When it comes to chopping with a Santoku knife, the method differs from standard techniques so you’ll definitely want to practice until you get the hang of it. The flat edge requires you to lift the blade off of the cutting board between each cut, rather than using the rock chop technique commonly used with the Western-style chef’s knife where the tip of the knife stays on the cutting board between cuts. 

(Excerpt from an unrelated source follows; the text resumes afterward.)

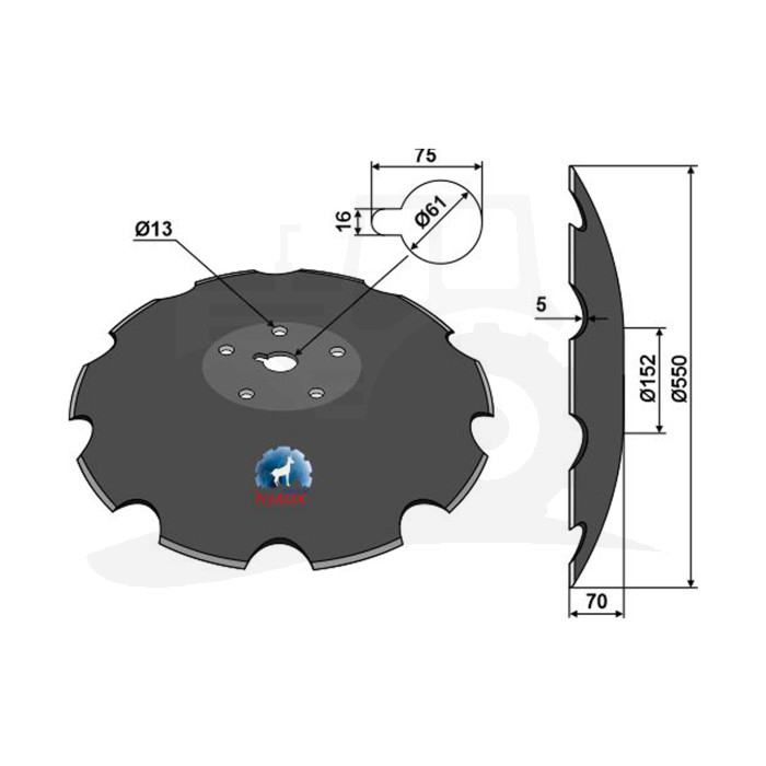 TALERZ ZĘBATY 550X5, Z10, 5-OTW. IND

To begin chopping, be sure your your cutting board is stabilized on a flat surface (placing a damp paper towel underneath your cutting board is a handy trick) and keep your offhand is in the claw position. Also be sure to stabilize your ingredient – if it’s round, you can cut it in half or take a thin slice off the top or bottom so it lies flat on the cutting board. Once your ingredient is held in place, align the flat side of the blade against your knuckles (fingers should be curled under), then begin chopping  in a smooth up and down motion, slightly moving the knife forward as you chop and lifting the blade off the cutting board between each cut.

When it comes to chopping with the Santoku knife, it’s also a good idea to make sure you have the right cutting board on hand. All kitchen knives dull with regular use, and the surface you’re cutting on has an important role in prolonging the sharpness of your blades. Check out our guide to learn more about the best cutting board for your knives – and be sure to store them properly.

As you become more comfortable with the up-and-down chopping technique, you can start chopping even faster by employing also the push-cut technique which involves pushing the ingredient towards the blade as you chop.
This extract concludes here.